• **What you are asked to do**:
The data below holds the lines to copy: everything from the line containing "Abu Dhabi's Tourist" to the line containing "浦峰 通讯员 王祝炫摄影报道", both ends included, set down exactly.

══ Data for this task

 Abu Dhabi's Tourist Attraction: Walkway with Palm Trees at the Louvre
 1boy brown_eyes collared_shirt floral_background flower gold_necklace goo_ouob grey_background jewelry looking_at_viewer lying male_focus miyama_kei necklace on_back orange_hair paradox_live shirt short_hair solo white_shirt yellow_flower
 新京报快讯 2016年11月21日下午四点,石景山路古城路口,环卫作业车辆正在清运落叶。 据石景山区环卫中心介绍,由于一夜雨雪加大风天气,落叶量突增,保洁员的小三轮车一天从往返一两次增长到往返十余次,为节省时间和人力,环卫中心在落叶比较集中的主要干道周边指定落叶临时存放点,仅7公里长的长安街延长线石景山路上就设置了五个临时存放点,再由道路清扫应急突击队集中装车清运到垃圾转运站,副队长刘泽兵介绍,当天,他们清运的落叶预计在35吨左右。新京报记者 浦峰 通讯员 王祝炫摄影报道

════
══ Data for this task

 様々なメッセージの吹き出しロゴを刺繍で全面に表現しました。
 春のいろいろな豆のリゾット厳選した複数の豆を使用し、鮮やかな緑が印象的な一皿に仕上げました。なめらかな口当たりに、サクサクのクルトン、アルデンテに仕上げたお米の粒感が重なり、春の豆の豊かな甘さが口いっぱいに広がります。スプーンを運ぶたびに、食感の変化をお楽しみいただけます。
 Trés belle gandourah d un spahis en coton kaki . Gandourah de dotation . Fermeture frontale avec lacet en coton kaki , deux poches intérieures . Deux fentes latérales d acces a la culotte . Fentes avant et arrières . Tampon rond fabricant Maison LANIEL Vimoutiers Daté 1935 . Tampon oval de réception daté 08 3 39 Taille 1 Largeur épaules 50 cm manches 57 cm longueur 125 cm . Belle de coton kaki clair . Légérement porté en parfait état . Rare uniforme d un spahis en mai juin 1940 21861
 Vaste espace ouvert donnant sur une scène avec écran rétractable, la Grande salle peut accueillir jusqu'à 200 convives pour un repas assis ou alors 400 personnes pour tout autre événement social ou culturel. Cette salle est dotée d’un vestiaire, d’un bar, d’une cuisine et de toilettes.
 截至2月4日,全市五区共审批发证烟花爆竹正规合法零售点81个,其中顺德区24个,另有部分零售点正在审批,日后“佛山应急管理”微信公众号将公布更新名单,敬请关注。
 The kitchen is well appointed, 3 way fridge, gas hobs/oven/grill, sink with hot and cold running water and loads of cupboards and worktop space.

════
══ Data for this task

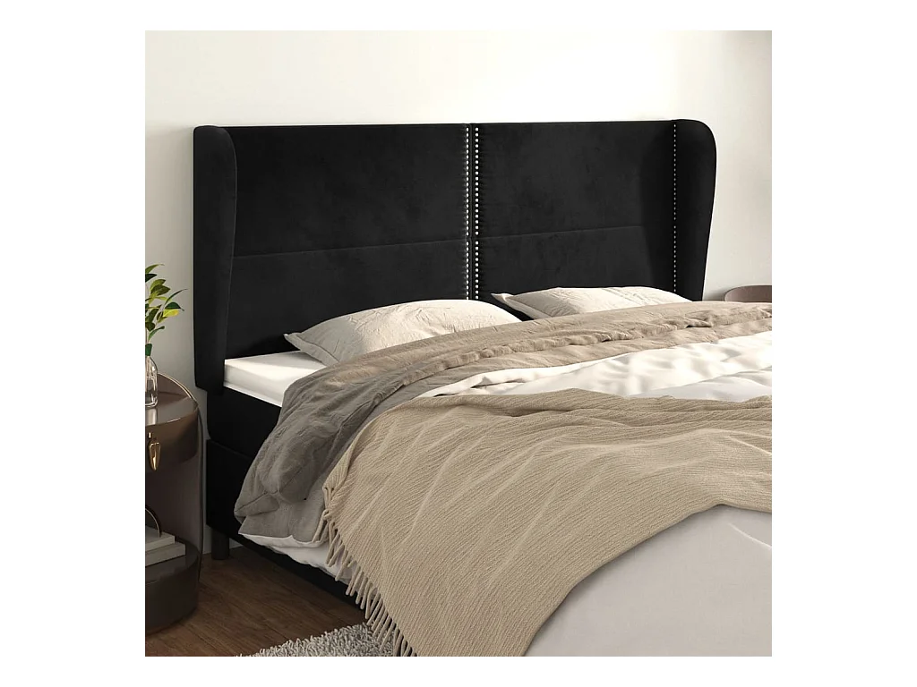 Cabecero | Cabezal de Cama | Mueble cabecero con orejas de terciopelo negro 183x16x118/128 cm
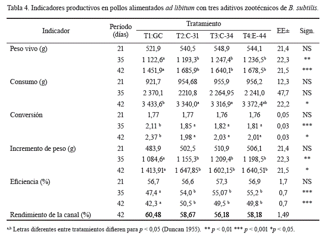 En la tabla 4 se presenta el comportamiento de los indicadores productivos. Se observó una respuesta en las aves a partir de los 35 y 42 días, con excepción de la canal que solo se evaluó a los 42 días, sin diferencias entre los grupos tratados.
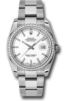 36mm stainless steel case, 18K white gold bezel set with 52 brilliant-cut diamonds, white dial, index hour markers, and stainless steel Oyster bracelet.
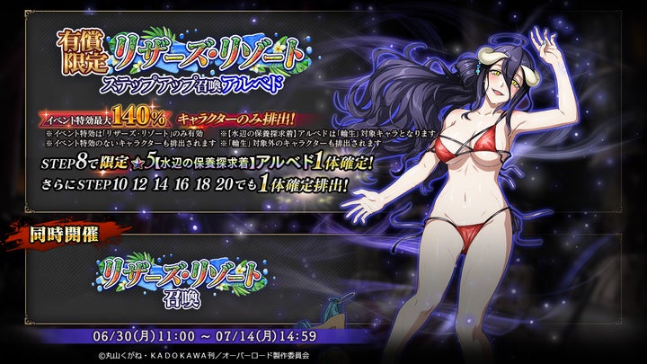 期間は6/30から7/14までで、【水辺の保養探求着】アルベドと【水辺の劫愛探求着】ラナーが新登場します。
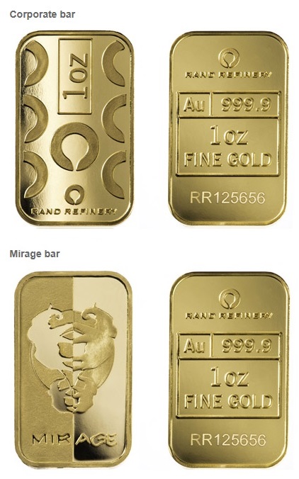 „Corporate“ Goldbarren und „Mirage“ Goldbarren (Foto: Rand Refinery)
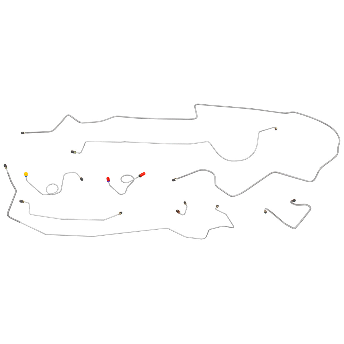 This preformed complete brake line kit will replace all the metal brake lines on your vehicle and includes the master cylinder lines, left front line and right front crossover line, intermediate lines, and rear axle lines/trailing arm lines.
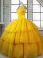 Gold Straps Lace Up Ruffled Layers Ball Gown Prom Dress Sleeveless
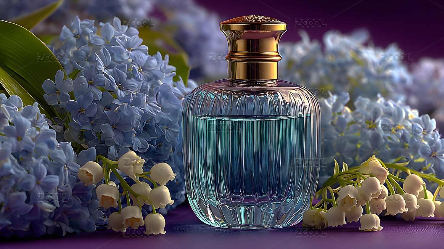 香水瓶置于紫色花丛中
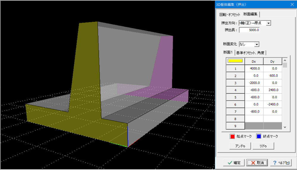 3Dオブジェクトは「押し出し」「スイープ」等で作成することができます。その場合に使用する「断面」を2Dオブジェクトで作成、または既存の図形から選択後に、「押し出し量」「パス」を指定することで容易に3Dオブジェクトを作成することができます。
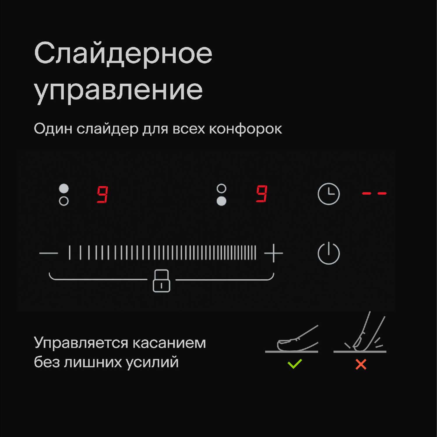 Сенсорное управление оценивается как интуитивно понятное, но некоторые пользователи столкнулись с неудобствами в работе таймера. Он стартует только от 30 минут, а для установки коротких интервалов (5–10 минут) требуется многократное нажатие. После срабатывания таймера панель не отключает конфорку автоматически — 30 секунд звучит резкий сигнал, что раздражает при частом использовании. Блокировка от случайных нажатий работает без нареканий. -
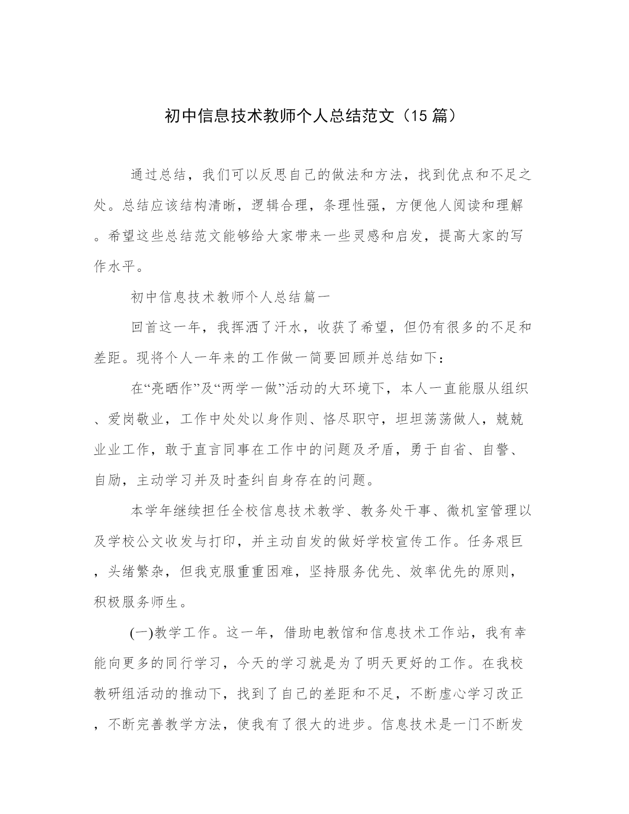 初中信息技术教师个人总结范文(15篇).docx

════

• **Response to the exercise**:
 Abu Dhabi's Tourist Attraction: Walkway with Palm Trees at the Louvre
 1boy brown_eyes collared_shirt floral_background flower gold_necklace goo_ouob grey_background jewelry looking_at_viewer lying male_focus miyama_kei necklace on_back orange_hair paradox_live shirt short_hair solo white_shirt yellow_flower
 新京报快讯 2016年11月21日下午四点,石景山路古城路口,环卫作业车辆正在清运落叶。 据石景山区环卫中心介绍,由于一夜雨雪加大风天气,落叶量突增,保洁员的小三轮车一天从往返一两次增长到往返十余次,为节省时间和人力,环卫中心在落叶比较集中的主要干道周边指定落叶临时存放点,仅7公里长的长安街延长线石景山路上就设置了五个临时存放点,再由道路清扫应急突击队集中装车清运到垃圾转运站,副队长刘泽兵介绍,当天,他们清运的落叶预计在35吨左右。新京报记者 浦峰 通讯员 王祝炫摄影报道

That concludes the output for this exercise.